Mark Zuckerberg kept the circle of people who knew his thoughts small.
Last month, Meta CEO Zuckerberg tapped a handful of top policy and communications executives and others to discuss the company's approach to online speech. He had decided to make radical changes after visiting President-elect Donald J. Trump at Mar-a-Lago over Thanksgiving. Now he needed his employees to turn those changes into policies.
Over the next few weeks, Zuckerberg and his hand-picked team discussed how to do that in Zoom meetings, conference calls, and late-night group chats. Some subordinates slipped away from family dinners and holiday gatherings to go to work, while Zuckerberg weighed in between trips to his homes in the San Francisco Bay area and the island of Kauai.
By New Year's Day, Zuckerberg was ready to make the changes public, according to four current and former Meta employees and advisers with knowledge of the events, who were not authorized to speak publicly about the confidential discussions.
The whole process was very unusual. Meta typically modifies the policies governing its apps (which include facebook, instagram, WhatsApp, and Threads) by inviting employees, civic leaders, and others to weigh in. Any change usually takes months. But Zuckerberg turned this last-ditch effort into a tight six-week race, surprising even employees on his policy and integrity teams.
On Tuesday, most of Meta's 72,000 employees learned of Zuckerberg's plans along with the rest of the world. The Silicon Valley giant said it was reshaping speech on its apps by relaxing restrictions on how people can talk about contentious social issues such as immigration, gender and sexuality. It eliminated its fact-checking program that aimed to curb misinformation and said it would instead rely on users to police falsehoods. And he said he would insert more political content into people's feeds after previously downplaying that same material.
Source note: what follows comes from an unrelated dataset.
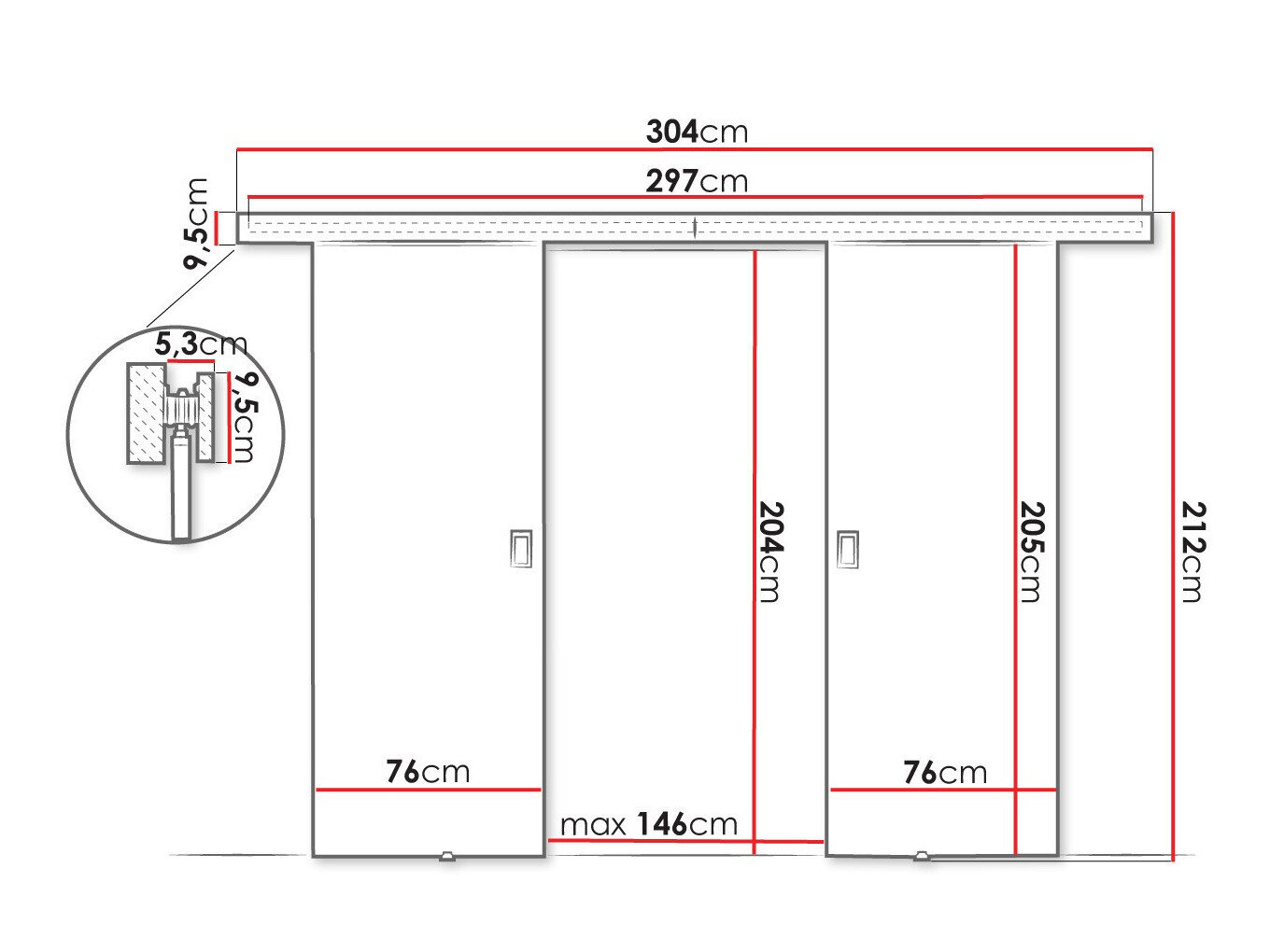 Liukuovijärjestelmän mitat:

In the days since, the measures, which have broad implications for what people will see online, have drawn cheers from Trump and conservatives, ridicule from fact-checking groups and misinformation researchers, and concerns from LGBTQ advocacy groups who fear that the changes will lead to more people being harassed online and offline.
Within Meta, the reaction has been sharply divided. Some employees celebrated the changes, while others were surprised and openly criticized the changes on the company's internal message boards. Several employees wrote that they were embarrassed to work for Meta.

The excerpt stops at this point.